WORK ITEM:
Would you transcribe the records below from the line with "Class 2 Chemical" to the line with "Eagle Head with", ends included, exactly and with nothing more, leaving the pictures out?

THE DATA:
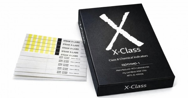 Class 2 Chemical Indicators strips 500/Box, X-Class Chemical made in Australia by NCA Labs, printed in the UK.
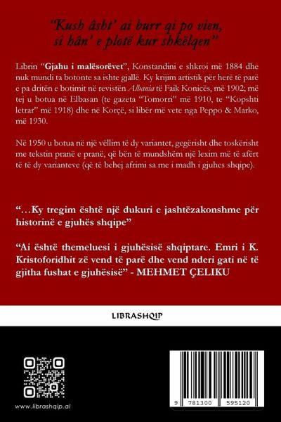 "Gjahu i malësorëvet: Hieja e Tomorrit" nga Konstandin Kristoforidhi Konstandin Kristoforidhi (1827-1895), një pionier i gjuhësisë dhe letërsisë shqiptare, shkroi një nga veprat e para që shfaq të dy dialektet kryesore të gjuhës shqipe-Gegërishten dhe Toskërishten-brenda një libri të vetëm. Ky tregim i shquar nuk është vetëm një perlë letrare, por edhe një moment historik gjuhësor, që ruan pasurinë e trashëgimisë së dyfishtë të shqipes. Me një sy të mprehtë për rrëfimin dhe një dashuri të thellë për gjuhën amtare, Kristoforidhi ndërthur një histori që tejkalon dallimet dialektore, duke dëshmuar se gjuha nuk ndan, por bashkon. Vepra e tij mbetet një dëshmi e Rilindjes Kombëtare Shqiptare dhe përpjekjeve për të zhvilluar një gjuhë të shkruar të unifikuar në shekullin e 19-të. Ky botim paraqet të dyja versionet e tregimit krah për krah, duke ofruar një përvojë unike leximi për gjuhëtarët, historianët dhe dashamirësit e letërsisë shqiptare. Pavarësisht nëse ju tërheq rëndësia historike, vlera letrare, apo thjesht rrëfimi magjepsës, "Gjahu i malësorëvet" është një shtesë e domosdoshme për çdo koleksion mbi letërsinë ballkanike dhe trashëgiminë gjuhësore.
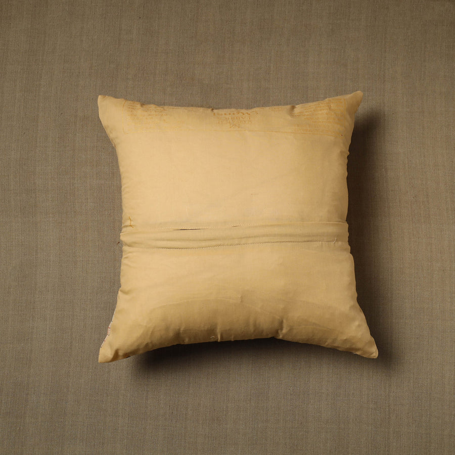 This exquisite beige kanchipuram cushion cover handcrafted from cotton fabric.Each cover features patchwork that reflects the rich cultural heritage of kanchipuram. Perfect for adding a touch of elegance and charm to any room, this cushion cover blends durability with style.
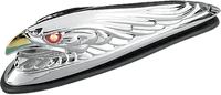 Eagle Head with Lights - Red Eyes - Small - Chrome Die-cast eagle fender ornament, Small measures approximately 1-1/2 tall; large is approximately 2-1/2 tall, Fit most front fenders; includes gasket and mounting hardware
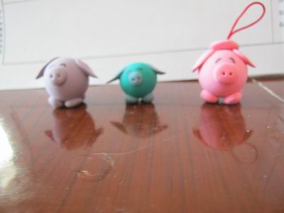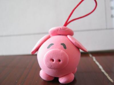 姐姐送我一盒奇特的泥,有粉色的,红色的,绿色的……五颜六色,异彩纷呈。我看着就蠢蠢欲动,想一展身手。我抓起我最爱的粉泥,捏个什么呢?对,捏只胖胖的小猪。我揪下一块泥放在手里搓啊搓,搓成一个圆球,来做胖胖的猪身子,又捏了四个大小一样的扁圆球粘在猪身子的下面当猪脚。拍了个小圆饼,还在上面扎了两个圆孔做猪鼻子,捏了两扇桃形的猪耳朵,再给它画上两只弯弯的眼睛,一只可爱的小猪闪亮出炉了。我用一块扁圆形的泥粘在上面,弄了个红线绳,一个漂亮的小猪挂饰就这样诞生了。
* * *
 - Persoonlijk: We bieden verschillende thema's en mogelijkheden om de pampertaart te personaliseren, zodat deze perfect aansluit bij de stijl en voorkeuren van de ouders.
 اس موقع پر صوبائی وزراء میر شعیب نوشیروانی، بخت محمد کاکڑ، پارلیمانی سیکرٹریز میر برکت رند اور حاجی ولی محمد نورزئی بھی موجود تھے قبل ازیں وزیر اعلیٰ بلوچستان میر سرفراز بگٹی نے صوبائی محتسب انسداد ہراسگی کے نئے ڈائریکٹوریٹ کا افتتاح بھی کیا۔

ANSWER FOR THE TASK:
 Class 2 Chemical Indicators strips 500/Box, X-Class Chemical made in Australia by NCA Labs, printed in the UK.
 "Gjahu i malësorëvet: Hieja e Tomorrit" nga Konstandin Kristoforidhi Konstandin Kristoforidhi (1827-1895), një pionier i gjuhësisë dhe letërsisë shqiptare, shkroi një nga veprat e para që shfaq të dy dialektet kryesore të gjuhës shqipe-Gegërishten dhe Toskërishten-brenda një libri të vetëm. Ky tregim i shquar nuk është vetëm një perlë letrare, por edhe një moment historik gjuhësor, që ruan pasurinë e trashëgimisë së dyfishtë të shqipes. Me një sy të mprehtë për rrëfimin dhe një dashuri të thellë për gjuhën amtare, Kristoforidhi ndërthur një histori që tejkalon dallimet dialektore, duke dëshmuar se gjuha nuk ndan, por bashkon. Vepra e tij mbetet një dëshmi e Rilindjes Kombëtare Shqiptare dhe përpjekjeve për të zhvilluar një gjuhë të shkruar të unifikuar në shekullin e 19-të. Ky botim paraqet të dyja versionet e tregimit krah për krah, duke ofruar një përvojë unike leximi për gjuhëtarët, historianët dhe dashamirësit e letërsisë shqiptare. Pavarësisht nëse ju tërheq rëndësia historike, vlera letrare, apo thjesht rrëfimi magjepsës, "Gjahu i malësorëvet" është një shtesë e domosdoshme për çdo koleksion mbi letërsinë ballkanike dhe trashëgiminë gjuhësore.
 This exquisite beige kanchipuram cushion cover handcrafted from cotton fabric.Each cover features patchwork that reflects the rich cultural heritage of kanchipuram. Perfect for adding a touch of elegance and charm to any room, this cushion cover blends durability with style.
 Eagle Head with Lights - Red Eyes - Small - Chrome Die-cast eagle fender ornament, Small measures approximately 1-1/2 tall; large is approximately 2-1/2 tall, Fit most front fenders; includes gasket and mounting hardware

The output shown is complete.